Therefore, your point, Janice, what’s next? I think the Zelensky government initially will go to Lviv in the far west of Ukraine, establish its seat of government there, hope that the distance between the Russian advance in Lviv is in some ways sufficient for them to reconstitute their own armed forces and block Russia. The further Russia goes into Ukraine, the further west they’re forced to go, the longer their supply lines come, the more vulnerable those are to insurgencies, the more they will be challenged. The longer those Russian troops are dragged away from their home bases, the harder it is to sustain that campaign. 

So, I think the Zelensky government, if it has not already done so, will be moving to live in in the far west. Then if the Russians seek to come all the way to that border, I think they will then simply step across the border, the Zelensky government into Poland. There are U.S. troops there; there are Polish troops there. Believe me, Vladimir Putin will not cross a NATO border in anger. It would be a massive military mistake. He’s about to make a massive economic mistake. Crossing a NATO border in anger would bring the full military force of this alliance against him.

So, I think the Zelensky government will be well-positioned, go to Lviv, and if they have to simply come across the border government in exile, the Poles will welcome that, the rest of the alliance will support it. And then like Charles de Gaulle, in the Second World War, you create kind of a free Ukraine Government. The West will fund the Ambassadors, fund the embassies, fund the seat at the United Nations, it will do everything to continue to support it. And I think at that point, that’s when Vladimir Putin’s problems really begin.

JANICE GROSS STEIN: Admiral, let me ask you about two other dimensions of this war before we talk about NATO. One, of course—

ADMIRAL STAVRIDIS: Wait, is wine permitted at a Munk Dialogue event? 

JANICE GROSS STEIN: Yes. Totally is. It always improves the conversation. Let’s talk first about the war at sea. The Ukrainian Navy, the Russian Navy—this is something that you know intimately. How will that play out? What happens to the Russian capacity to export by sea? 

And then just briefly cyber. How worried should all NATO members be, including Canada, that there will be retaliatory cyber attacks for the sanctions that we joined with other NATO members in announcing today?

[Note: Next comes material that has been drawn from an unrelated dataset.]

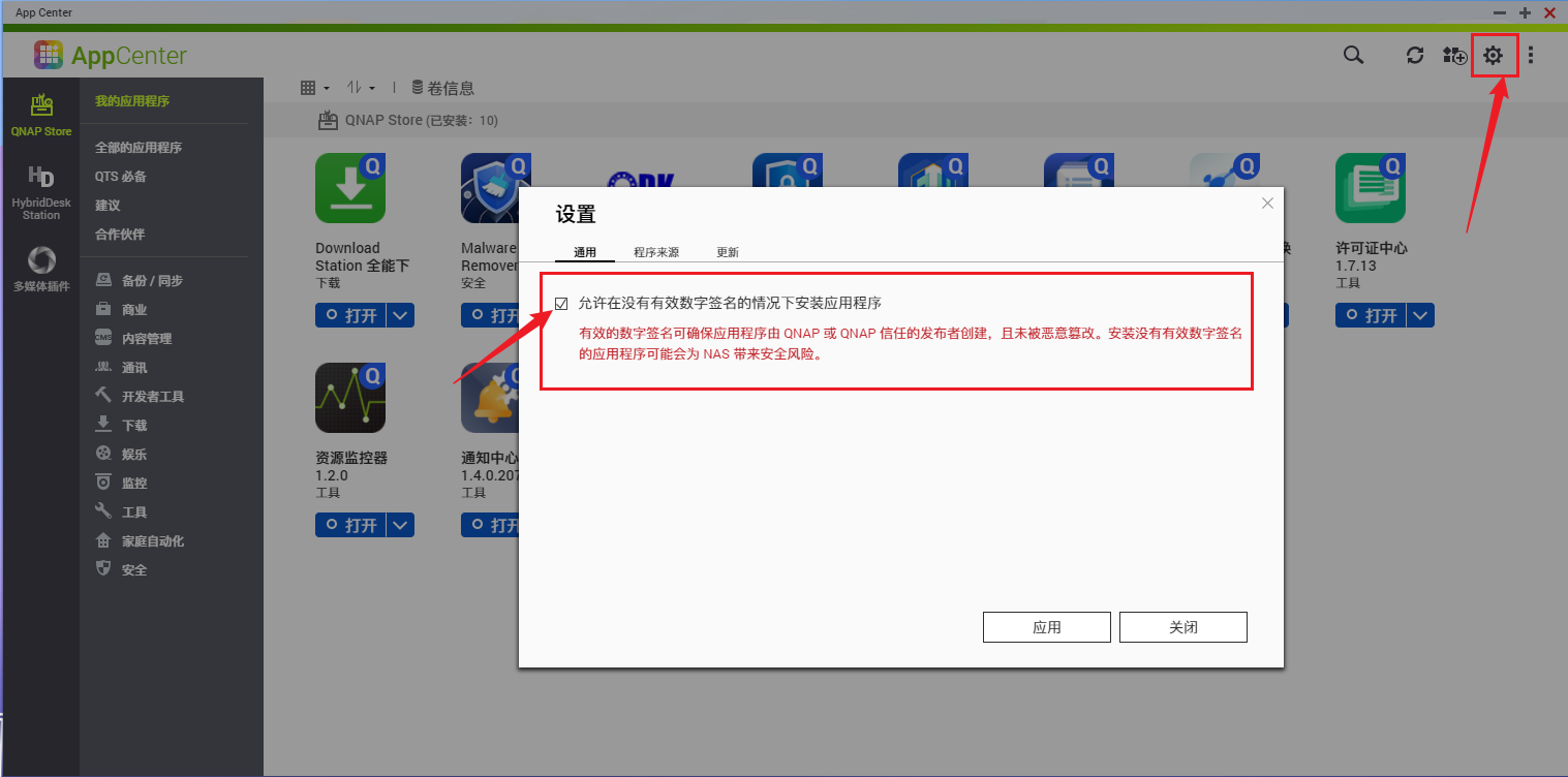 复制这段内容后打开手机迅雷App,查看更方便 安装教程 1. 威联通App center--设置--通用--勾选允许在没有有效数字签名的情况下安装应用程序

ADMIRAL STAVRIDIS: Now, these are very smart questions. So, much of the analysis is focused on the land war, and that’s appropriate and understandable. There’s a lot of, you would say in my trade, flashbang going on ashore, but it’s the electrons and it’s the sea that I’m watching, particularly on the sea. This is where Russia dominates completely. The Ukrainian Navy, much of which was already taken in 2014, has never seriously been reconstituted. NATO has the Turkish Navy, the Romanian Navy, the Bulgarian Navy, and the U.S. Navy often deploys to the Black Sea, as do the French Navy and the British Navy, among others. So, there’s a significant NATO presence in and around, but immediately around Ukraine, in that ten-to-fifty-kilometer range off the coast, those are Russian waters at this point. Frankly, this is a big part of Vladimir Putin’s motivation, because the Black Sea itself is full of hydrocarbons, and is crucial in terms of Russian access to the eastern Mediterranean. So, watch for that Black Sea fleet of Russia to continue to dominate those waters to the south, to blockade this portion. 

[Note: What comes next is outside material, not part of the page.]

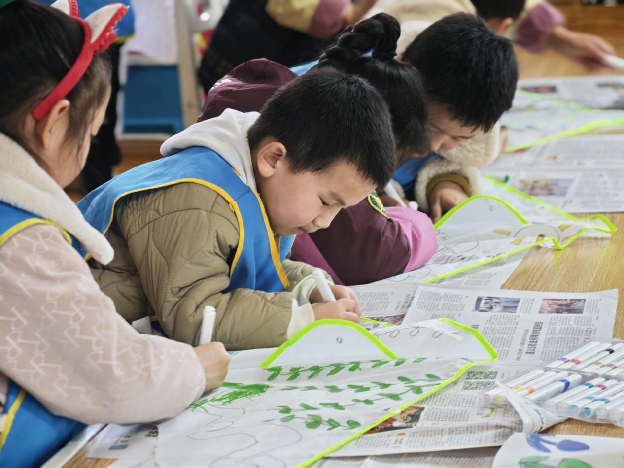 在老师和社区志愿者的悉心指导下,小朋友们拿起画笔,在素白的风筝上描绘心中愿景。有的绘上清雅的莲花,寓意“出淤泥而不染”;有的写下“廉”字,表达对正直品格的向往。每一笔勾勒都饱含童真,每一抹色彩都寄托着对美好品格的追求。扎骨架、糊纸面、系长线,孩子们在动手实践中体验着非遗技艺的独特魅力。

Now, again, Ukraine can still continue to get logistics and supplies from the West, through its western borders, but from the sea? Not going to happen. And to your student there in Odesa, you’re going to see a lot of Russian worship activity in those waters. So, that’s a zone that Russia will be quite dominant in, and they will use it effectively to blockade Ukraine from the sea. And if the Russian offensive is slowed or stopped in central Ukraine, look for Russia to use an amphibious assault to put troops ashore behind the lines of the Ukrainians. So, unfortunately, that zone, I would have to cede to Russia, and they have a lot of options to use it. 

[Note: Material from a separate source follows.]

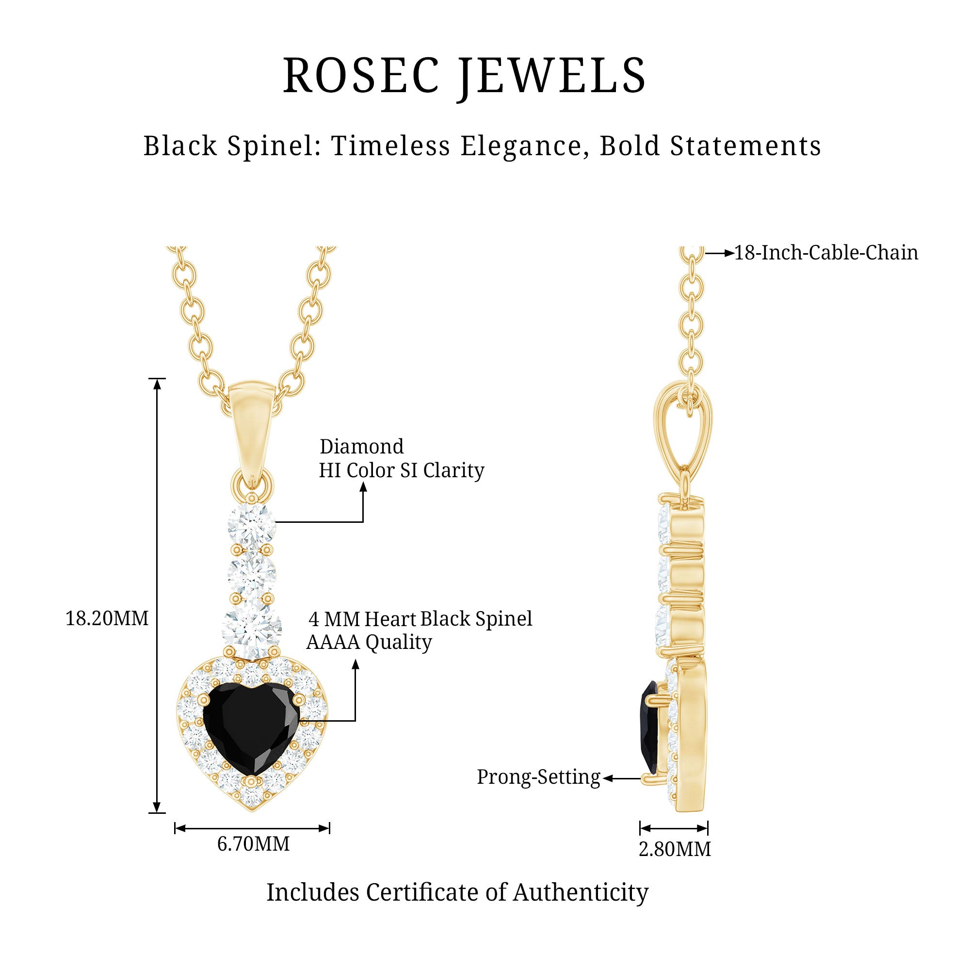 This stunning drop pendant features a brilliant heart shape Black Spinel gemstone surrounded by a Diamond halo, elegantly suspended from a delicate Diamond-studded bail. The vibrant hue of the Black Spinel contrasts beautifully with the sparkling Diamond stones, creating a piece that exudes sophistication and charm. Perfect for any occasion, this Black Spinel heart pendant is sure to become a cherished addition to any jewelry collection.

Cyber—here I’ve been surprised. The assault as I mentioned was kind of a textbook. Take out the air control, create the refugee streams, knock down the command and control, send the shock troops in. But what’s missing thus far has been a cyberattack, particularly on the electric grid. This is something Putin has the capability to really switch off. He has not done that. I think he doesn’t want to show that to the West, show that technical capability. We would learn a lot on our side of the cyber divide watching. Then secondly, it’s a human rights violation, a pretty clear one, that I think he is less likely to conduct unless he absolutely has to. So, cyber—for the moment the frame is frozen, and you’ll see some minor DDoS attacks, but Putin is holding those cyber cards back at the moment. 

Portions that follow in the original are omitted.